_TASK GOAL_
Could you copy the data that follows exactly as written, but drop the pictures?

_DATA EXCERPT_
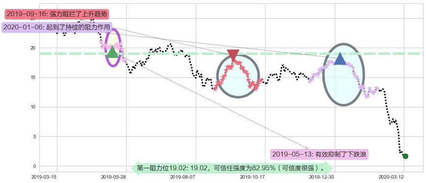 ♘ 阻力价格位19.02,可信任强度82.95%,距离最后交易2020-03-13形成的收盘价格1.7000相差 +1018.64%
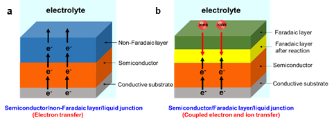 法拉体(Farador)是一种电子离子耦合传输导体, 半导体和法拉体接触形成法拉第结 (图1)[1]。传统半导体结载流子为电子,界面电荷转移不会引起化学变化。而法拉第结载流子为耦合电子和离子,界面电荷转移则会引起化学变化。法拉第结可用于各种太阳能转化与存储器件[2-8]。目前法拉第结界面电荷传输机制建立在半导体结能带理论的基础上,然而经典能带理论无法解释其特殊界面电荷传输行为。因此,阐明法拉第结界面电荷传输机制,对建立半导体表界面新理论、提高器件转化效率以及开发太阳能转换新器件具有非常重要的意义。
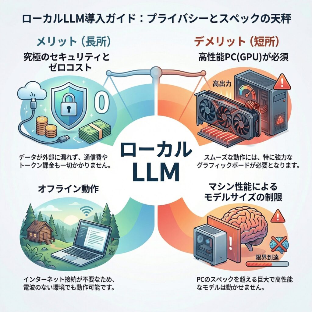 「外部の巨大なサーバーに繋がず、自分のPCや社内サーバーの『手元のマシン』だけで動かすAI」

_RESPONSE FOR THIS EXERCISE_
 ♘ 阻力价格位19.02,可信任强度82.95%,距离最后交易2020-03-13形成的收盘价格1.7000相差 +1018.64%
 法拉体(Farador)是一种电子离子耦合传输导体, 半导体和法拉体接触形成法拉第结 (图1)[1]。传统半导体结载流子为电子,界面电荷转移不会引起化学变化。而法拉第结载流子为耦合电子和离子,界面电荷转移则会引起化学变化。法拉第结可用于各种太阳能转化与存储器件[2-8]。目前法拉第结界面电荷传输机制建立在半导体结能带理论的基础上,然而经典能带理论无法解释其特殊界面电荷传输行为。因此,阐明法拉第结界面电荷传输机制,对建立半导体表界面新理论、提高器件转化效率以及开发太阳能转换新器件具有非常重要的意义。
 「外部の巨大なサーバーに繋がず、自分のPCや社内サーバーの『手元のマシン』だけで動かすAI」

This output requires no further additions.